Try it: Starting at the top of the records below and ending with the line that contains "Potter: Nursing Fundamentals", print each line exactly as written, skipping the pictures.

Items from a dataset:
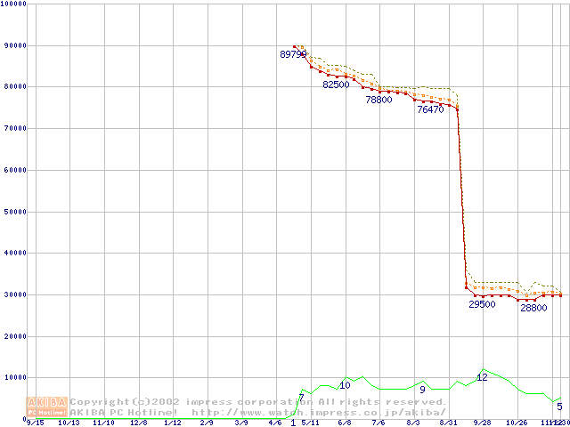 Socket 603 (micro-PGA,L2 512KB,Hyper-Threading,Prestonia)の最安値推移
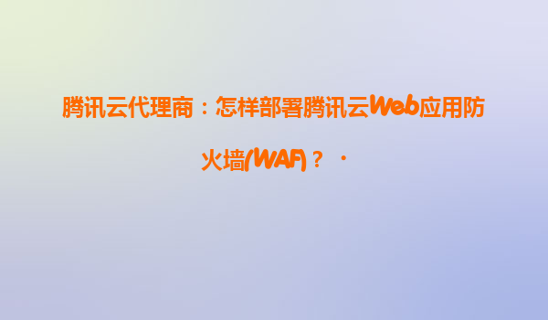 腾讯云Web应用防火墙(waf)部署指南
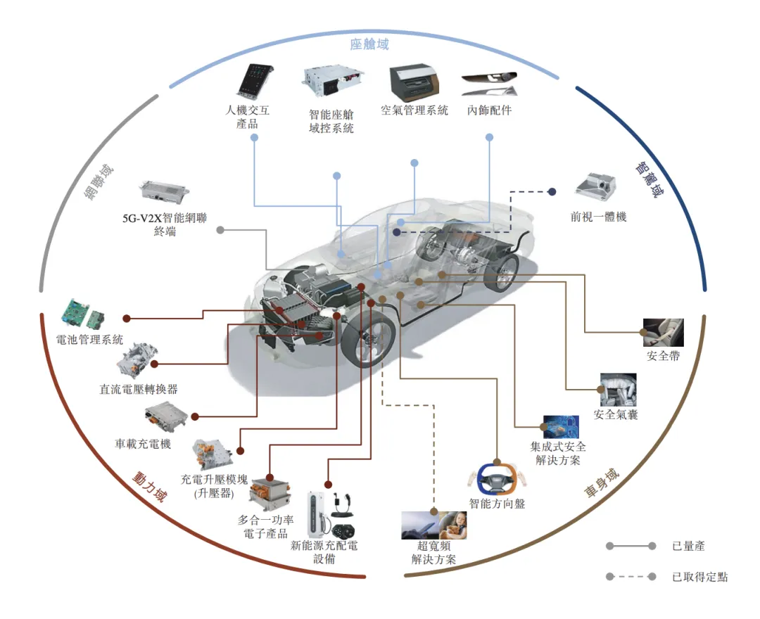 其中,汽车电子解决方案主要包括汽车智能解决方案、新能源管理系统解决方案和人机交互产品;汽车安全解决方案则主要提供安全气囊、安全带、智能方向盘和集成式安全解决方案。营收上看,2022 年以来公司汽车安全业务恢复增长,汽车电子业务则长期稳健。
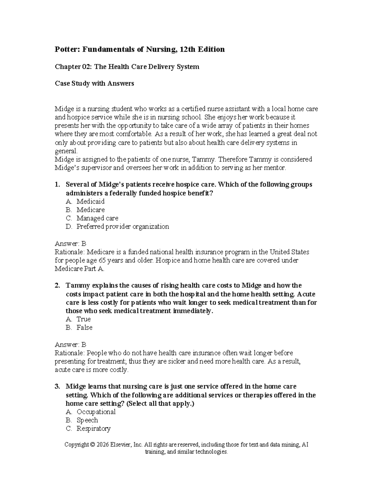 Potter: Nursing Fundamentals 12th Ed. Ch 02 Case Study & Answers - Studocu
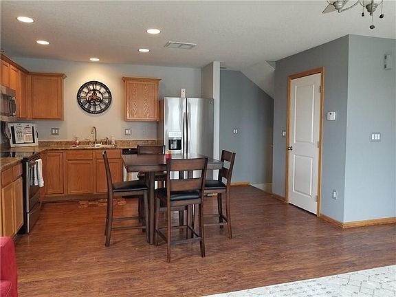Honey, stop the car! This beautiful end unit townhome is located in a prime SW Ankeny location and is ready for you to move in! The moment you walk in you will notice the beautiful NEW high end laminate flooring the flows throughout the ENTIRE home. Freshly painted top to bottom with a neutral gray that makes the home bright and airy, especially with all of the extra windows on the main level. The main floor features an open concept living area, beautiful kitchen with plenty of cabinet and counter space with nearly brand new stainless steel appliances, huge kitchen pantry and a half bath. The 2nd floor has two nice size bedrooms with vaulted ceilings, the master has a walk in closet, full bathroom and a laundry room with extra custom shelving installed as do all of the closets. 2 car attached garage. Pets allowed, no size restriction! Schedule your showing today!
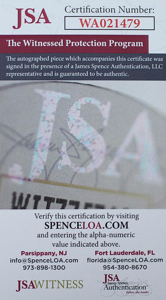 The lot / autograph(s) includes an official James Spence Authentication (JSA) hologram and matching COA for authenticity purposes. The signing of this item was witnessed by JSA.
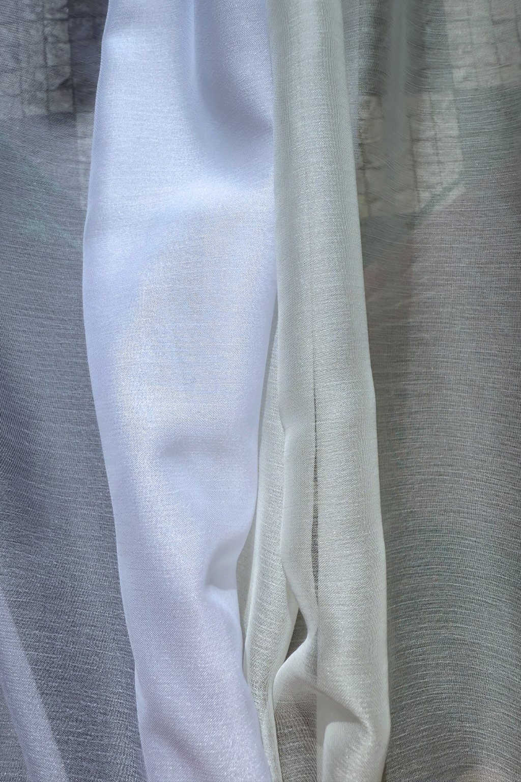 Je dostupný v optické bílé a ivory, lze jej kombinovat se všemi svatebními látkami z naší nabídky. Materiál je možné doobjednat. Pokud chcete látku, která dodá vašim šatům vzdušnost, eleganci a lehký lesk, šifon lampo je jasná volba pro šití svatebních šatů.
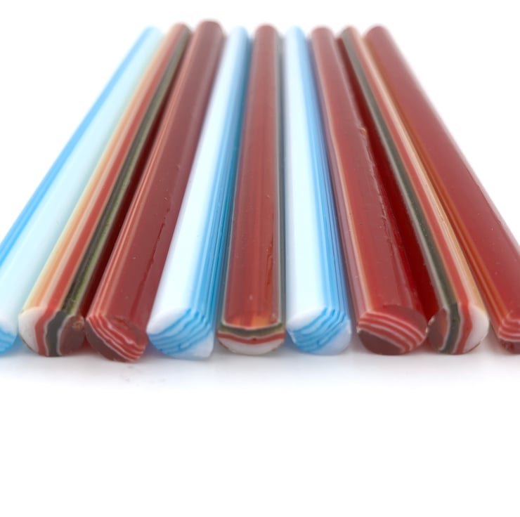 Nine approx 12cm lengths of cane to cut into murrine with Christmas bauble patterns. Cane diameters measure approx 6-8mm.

Exercise response:
 Socket 603 (micro-PGA,L2 512KB,Hyper-Threading,Prestonia)の最安値推移
 腾讯云Web应用防火墙(waf)部署指南
 其中,汽车电子解决方案主要包括汽车智能解决方案、新能源管理系统解决方案和人机交互产品;汽车安全解决方案则主要提供安全气囊、安全带、智能方向盘和集成式安全解决方案。营收上看,2022 年以来公司汽车安全业务恢复增长,汽车电子业务则长期稳健。
 Potter: Nursing Fundamentals 12th Ed. Ch 02 Case Study & Answers - Studocu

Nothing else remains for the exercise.